We now have a more robust and more accurate risk estimator that we call PREVENT. I think one of the best things about PREVENT is that we have a good way to estimate long-term risk. We can tell [patients with certain risk factors] that while their risk over the next 10 years is really low, their risk over the next 20 to 30 years is quite high.

If there’s a family history of cardiovascular disease, even if your estimated risk in your 30s is quite low, clinicians should talk to their patients about [healthy lifestyle habits]. Many young adults in their 30s and 40s have a very low 10-year risk because so much of the PREVENT score is based on chronological age rather than biologic age. But we can now estimate 30-year risk. If you have a person in front of you who it says the [10-year] risk is one or two or three percent, but [the calculator can] tell them that if you don’t change your lifestyle habits, if you don’t improve your weight, your cholesterol, your blood pressure, your 30-year risk may very well be 30 percent, that gets their attention. 
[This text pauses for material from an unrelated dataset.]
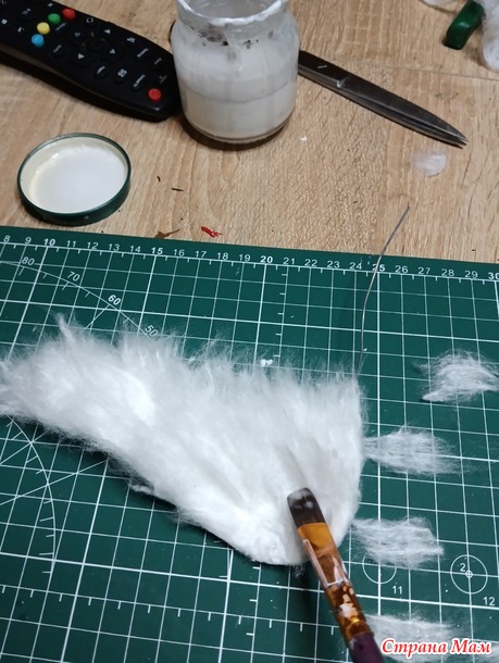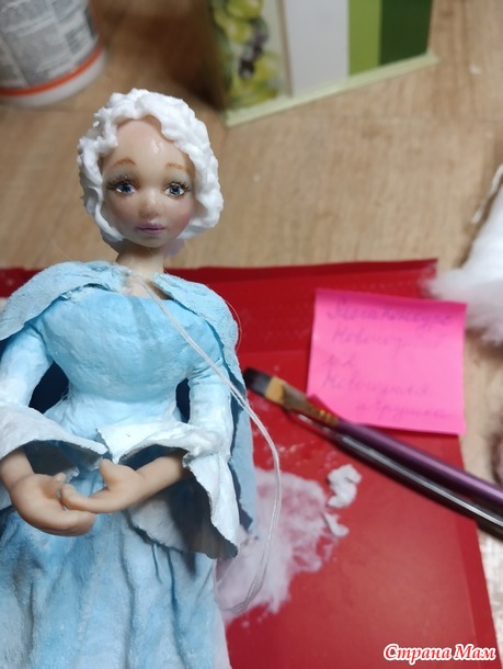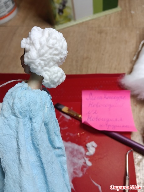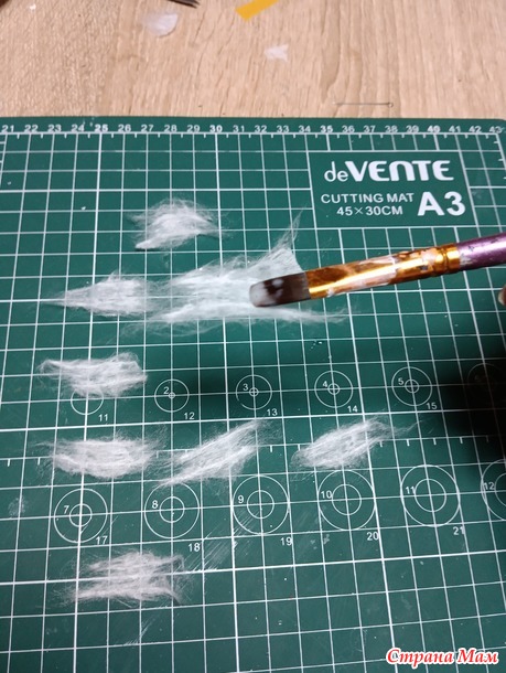 Как делала капюшон, забыла сфотографировать)) И как же, без прически !!! Беру, тонкий пласт выты, пропитываю его клейстером и потом стеком или зубочисткой собираю его хаотично, как бы в гармошку.

SN: What are the most important benchmarks that people should know about? 

Blumenthal: The key numbers to remember are LDLs of 100, 70 and 55. We state that in all borderline risk individuals — and really I would say for all adults — that we like them to strive to improve their lifestyle habits so that they can lower their LDL down to the range of 100 milligrams per deciliter or less. We know that individuals who may have some evidence of mild to moderate atherosclerotic disease or have multiple risk factors very well may want to try to get their LDLs down in the 70 mg/dL range. [For high-risk individuals] we have good data that getting their LDLs closer to the 55 mg/dL range is preferable.

A one-time measurement of lipoprotein(a) can be a helpful tie breaker [for risk assessment, even if other lipid levels are normal]. We put in the guidelines that if your Lp(a) is [above a certain threshold] that your risk probably is twice as high as what the PREVENT score is estimating. 
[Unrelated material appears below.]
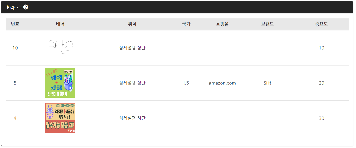 - - 배너 관리 항목을 통해 생성한 리스트를 확인할 수 있습니다.

We also stated that there are certain high-risk groups for clinicians to remember: those who have diabetes, chronic kidney disease or HIV infection. We have really good data that if their LDLs are suboptimal, that treatment with statin therapy in addition to more aggressive lifestyle changes makes a lot of sense.

SN: Why did you and the committee decide to make these changes?  
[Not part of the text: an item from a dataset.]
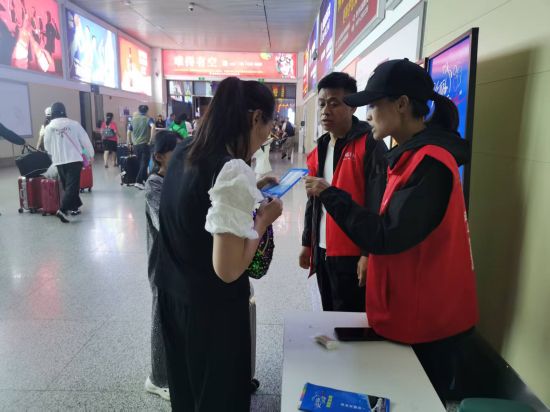 化身“福利官”,入延來(lái)敦有好禮。為確保能服務(wù)到每一位有需求的旅客,敦化高鐵站志愿服務(wù)窗口實(shí)行14小時(shí)三班輪值制度,每班3人,每日共9人在崗,設(shè)置宣傳展板、領(lǐng)取指南和咨詢服務(wù)點(diǎn),保證在列車運(yùn)營(yíng)及游客出行時(shí)間段實(shí)現(xiàn)服務(wù)全覆蓋。按照發(fā)放政策,符合條件的人員可通過(guò)“線上+線下”的方式申領(lǐng)紅包或零錢包獎(jiǎng)勵(lì),志愿者們身著紅馬甲,在列車抵達(dá)時(shí)于出站口準(zhǔn)時(shí)就位,主動(dòng)為旅客現(xiàn)場(chǎng)講解“迎客紅包”的申領(lǐng)政策、操作流程,并協(xié)助完成申報(bào)。與此同時(shí),團(tuán)市委微信公眾號(hào)同步發(fā)布相關(guān)宣傳資訊,提升政策知曉率,讓旅客感受到滿滿誠(chéng)意。

Blumenthal: One, we have a more accurate risk calculator. Two, we wanted to follow the same logic that the American Heart Association and the American College of Cardiology did with the recent blood pressure guidelines. They said that if, even after six months of lifestyle improvement attempts, your blood pressure stays above 130/80 that you should give strong consideration to going on a medication. We felt that with that same proactive approach — that if an individual is 30 years and older and has persistently higher LDL cholesterol — that [considering medication] makes sense. 

SN: Is that why there is a focus on treating early

Blumenthal: It’s really important to start health behavior counseling in youth. Pediatricians generally have that strong ethos in prevention. My late father was a pediatrician. I think a lot of my interest in preventative cardiology stems from my discussions with him about [how] the habits that one develops in youth or adolescence generally are the habits that [one] will follow later on.